Sugestões celebrativas:

• A Liturgia da Palavra não é apenas um momento de se ouvir falar de Jesus ou de acompanhar leituras que falam Dele; é o próprio Jesus que, estando no meio de nós, fala à comunidade reunida. Sua Palavra tem a força de nos curar, converter e transformar. Por isso, nas comunidades despertem as pessoas ao costume de ouvir as leituras com amorosa atenção, se possível, sobretudo o Evangelho, não acompanhando sua leitura nos folhetos, pois “quando se lêem as Sagradas Escrituras na Igreja, é Cristo que nos fala” (SC 07).

• Criem nas comunidades o ministério dos leitores e salmistas. Não peguem leitores de improviso. Promovam constantemente a formação bíblica, litúrgica, espiritual e técnica dos leitores e salmistas. Invistam nos sistemas de som das Igrejas e no uso adequado de microfones e instrumentos musicais.
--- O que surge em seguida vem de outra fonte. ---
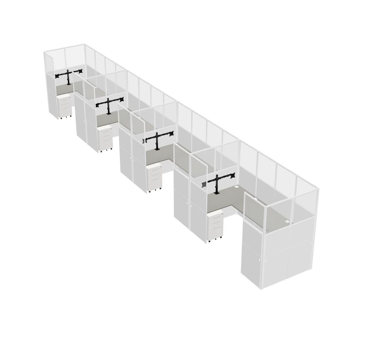 Grey Shadows U-shaped Panel System For 4 Person + Monitor Arm (double Arms) + Metal Mobile Drawers For 4 User(s)
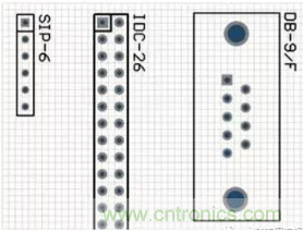 (c)整流橋的元器件封裝形式 圖F1-18 常用的整流橋 (7) 接插件。在電路板設計中,經常用到的接插件有單排插座、雙排插座和一些專用的接口等,如圖F1-19所示。
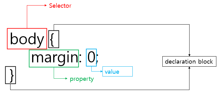 Selector(선택자)의 종류는 여러 가지 있는데 이건 따로 정리하겠다. 가장 중요한 점은 declaration block의 기호인 curly bracket({})과 property와 value를 명시 후 마지막을 알리는 semi-colon(;)이다. semi-colon은 꼭! 꼭! 꼭! 명시하자.
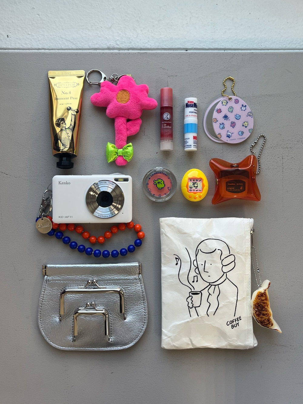 動画も撮れるコンパクトデジカメにSAHIRのストラップをつけてかわいくカスタマイズ◎ カラフルなバッグの中身はテンション上がる☺︎
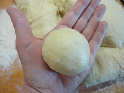 Выкладываем на разделочную доску, присыпанную мукой, и формируем изделия, те, что вам нравятся – булочки, плюшки, пироги, плетенки. На этот раз я готовила булочки весом 70-75 грамм. Получилось 34 штуки.
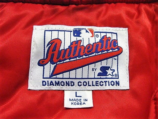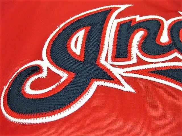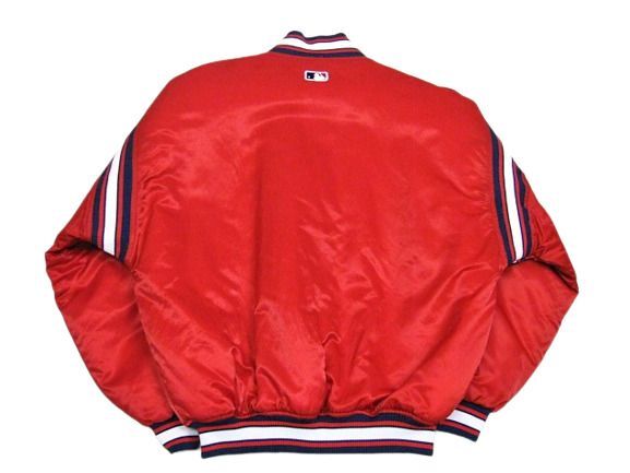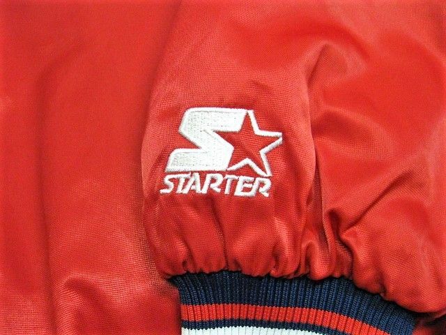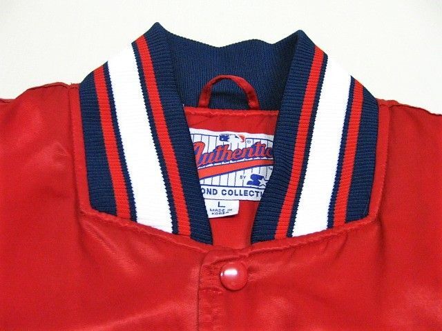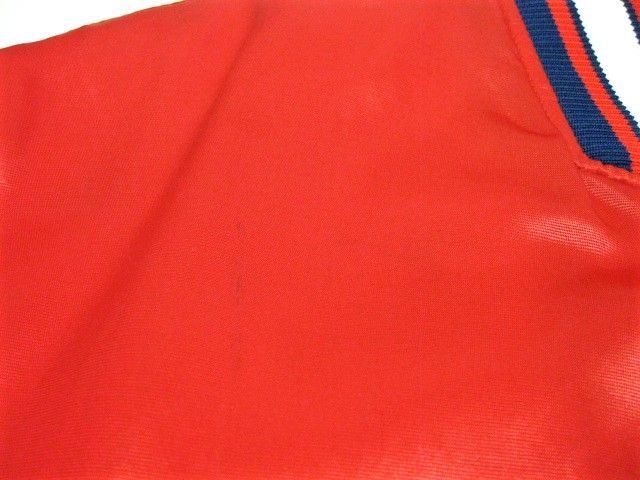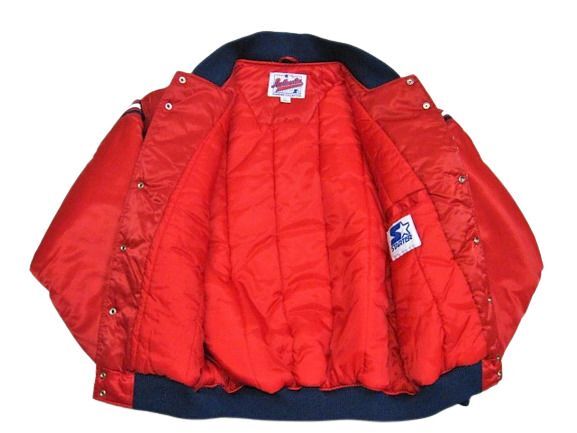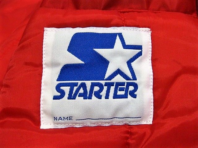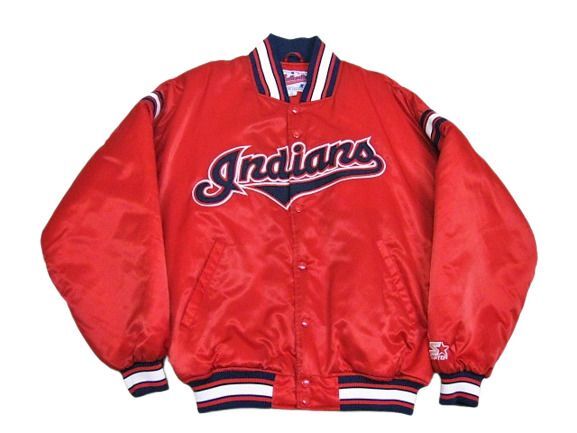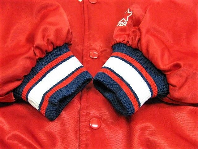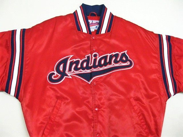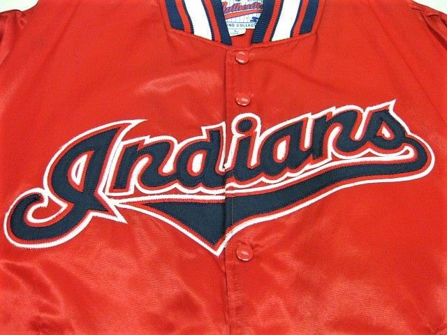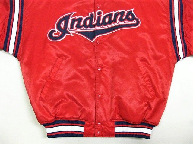 00年代のSTARTER Cleveland Indians サテン スタジャンです。サイズ表示はLです。実寸は肩幅64.5cm 身幅68cm 袖丈59cm 着丈71cmです。全体的に着用感が見られます。右肩付近に薄汚れが1か所見られます。ダメージはございません。表地は厚手のサテン生地、ライナーは中綿が施された厚手のキルティング生地です。サイズ表示はLですが大きめなサイズ感です。今はなきIndiansです。
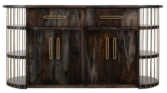 Six open shelves, supported by gold-aged metal bars, serve as a display for your favorite kitchenware and pantry items, while four doors and two deep drawers help keep your kitchen organized.
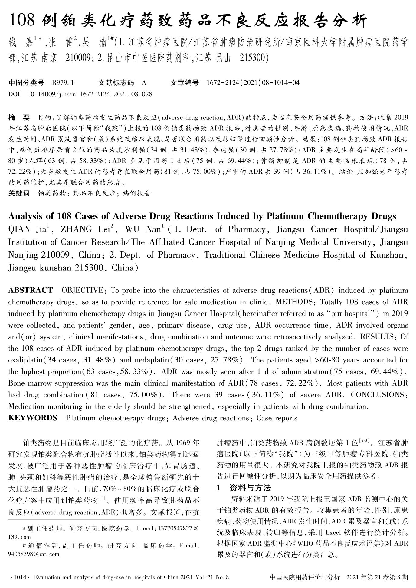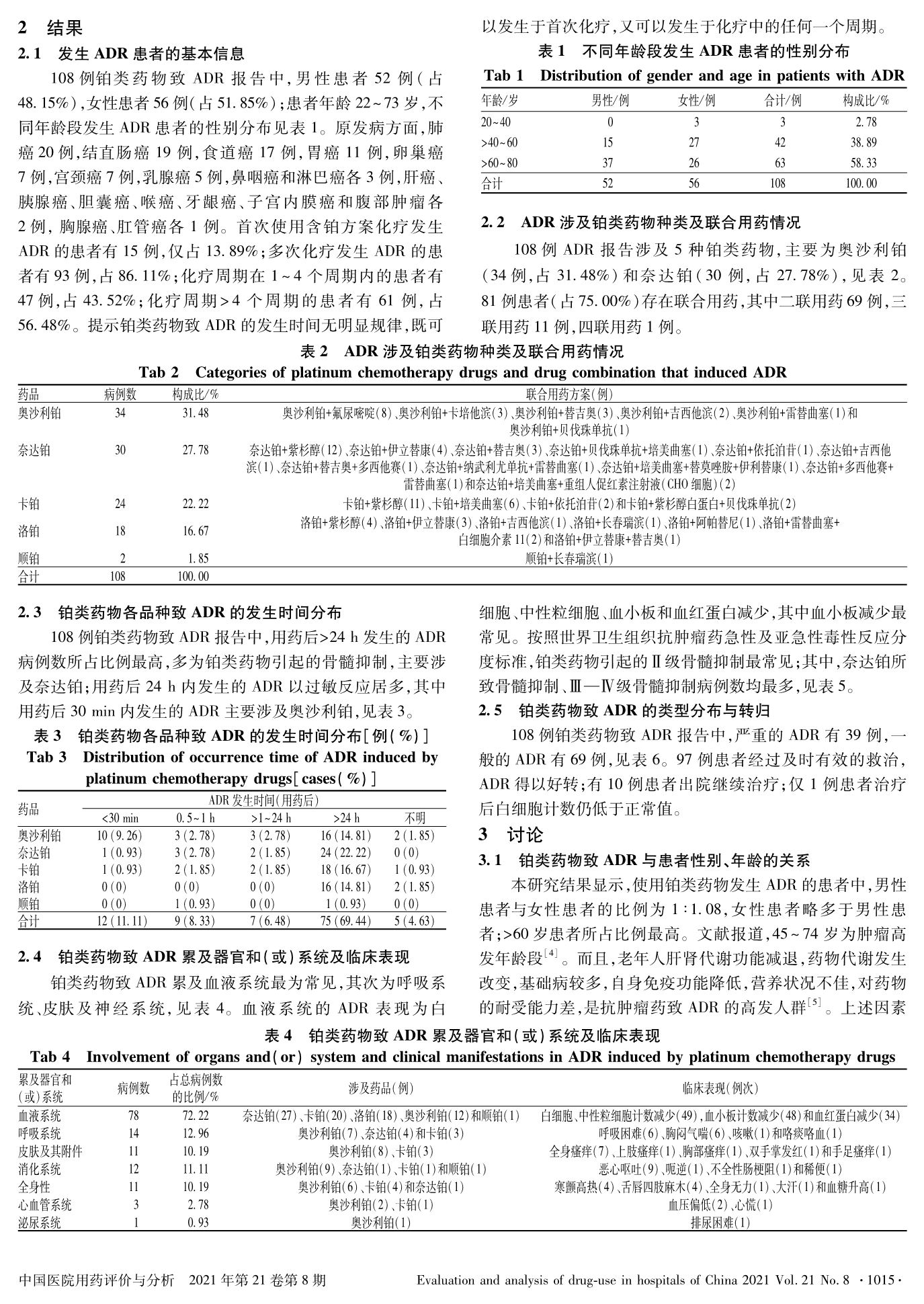 108例鉑類化療藥致藥品不良反應(yīng)報(bào)告分析

• “A Igreja sempre venerou as escrituras divinas, como venerou o próprio Corpo do Senhor, porque, de fato, principalmente na sagrada liturgia, não cessa de tomar e entregar aos fiéis o pão da vida, da mesa tanto da Palavra de Deus como do Corpo de Cristo” (DV 21). Haja, em toda comunidade, uma mesa da Palavra (ambão) de onde serão feitas as leituras bíblicas e cantado o salmo responsorial e, se oportuno, feita a homilia e proferida as preces dos fiéis.